10:52:18:559 0x0000000000000000 error APSDE-DATA.confirm: 0xE1 on task
10:52:18:560 delay sending request 132 dt 0 ms to 0x5C0272FFFE227008, ep: 0x0B cluster: 0x0008 onAir: 1
10:52:18:560 delay sending request 133 dt 0 ms to 0x5C0272FFFE227008, ep: 0x0B cluster: 0x0300 onAir: 1
10:52:18:562 delay sending request 132 dt 0 ms to 0x5C0272FFFE227008, ep: 0x0B cluster: 0x0008 onAir: 1
10:52:18:562 delay sending request 133 dt 0 ms to 0x5C0272FFFE227008, ep: 0x0B cluster: 0x0300 onAir: 1
...

And also a few like this:

17:25:18:567 5 running tasks, wait
17:25:18:572 5 running tasks, wait
17:25:18:578 failed to add task 156560 type: 11, too many tasks
17:25:18:578 failed to add task 156561 type: 6, too many tasks
17:25:18:578 5 running tasks, wait
17:25:18:612 5 running tasks, wait

All hinting at there being too much going on in the Zigbee network. I guess I have a few downlights (~50) and motion sensors (~15), but I need them all :smiley:

Do you guys have any advice on how to address this?

The APP_BUSY message doesn’t show up anymore?

The 0xD2 and 0xE1 are two particular mean errors.

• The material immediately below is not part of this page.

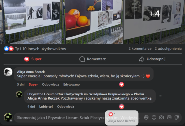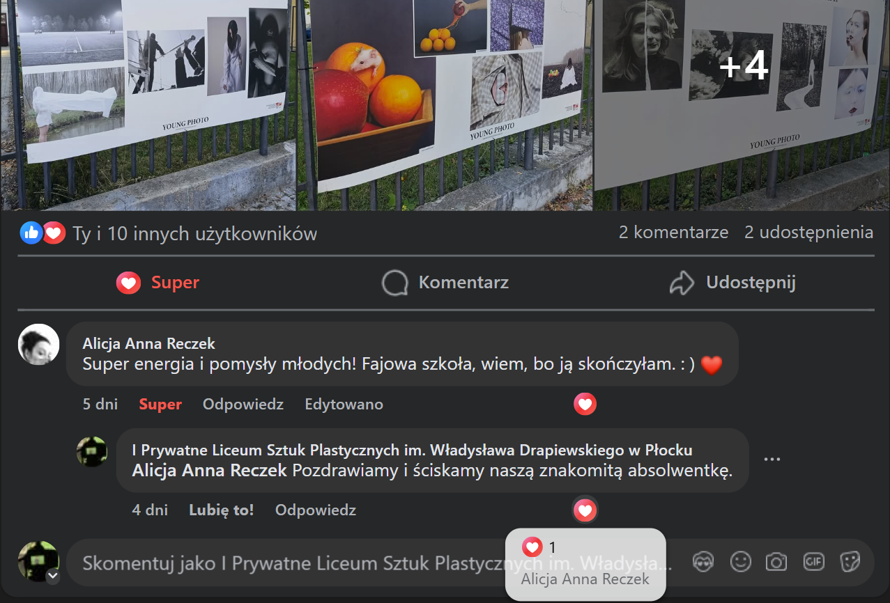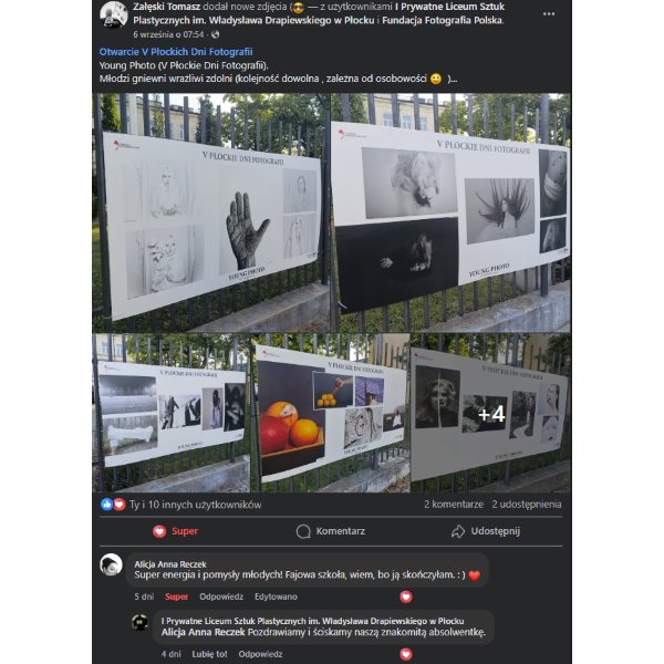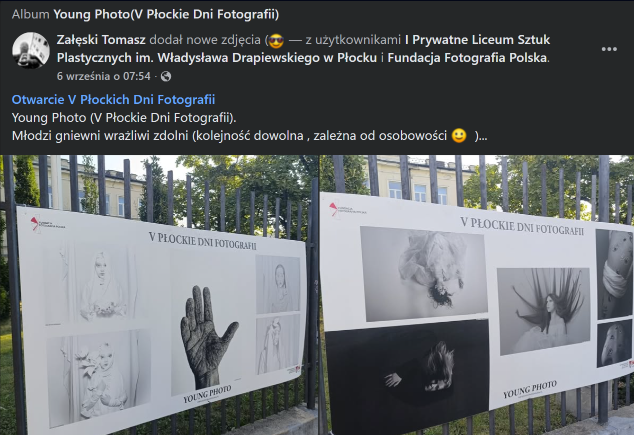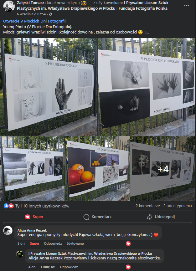 Wśród wypowiedzi fotografików nt. Young Photo zakończonych właśnie V Płockich Dni Fotografii mamy takie m.in. opinie: Tomasza Załęskiego – „Młodzi gniewni wrażliwi zdolni (kolejność dowolna, zależna od osobowości )…” i naszej absolwentki Alicji Anny Reczek – „Super energia i pomysły młodych! Fajowa szkoła, wiem, bo ją skończyłam. : ) ”.

The 0xE1 (MAC channel access failure) if seen multiple times hints on radio interference, this usually happens when no USB extension cable is used or other nearby devices like USB3/SSD or Bluetooth / WiFi jamming the 2.4 GHz channel. For example audio/video streaming or a close by WiFi router can lead to this. In a WiFi scanner app for Android you can check if the occupied WiFi channels collide with Zigbee, but note that Zigbee and Wifi uses very different channel numbers).

The 0xD2 means “broadcast table full” this happens if too many broadcasts/groupcasts are in flight in a short interval.

Having a lot of 0xE1 is never good, as it means not all requests are comming trough.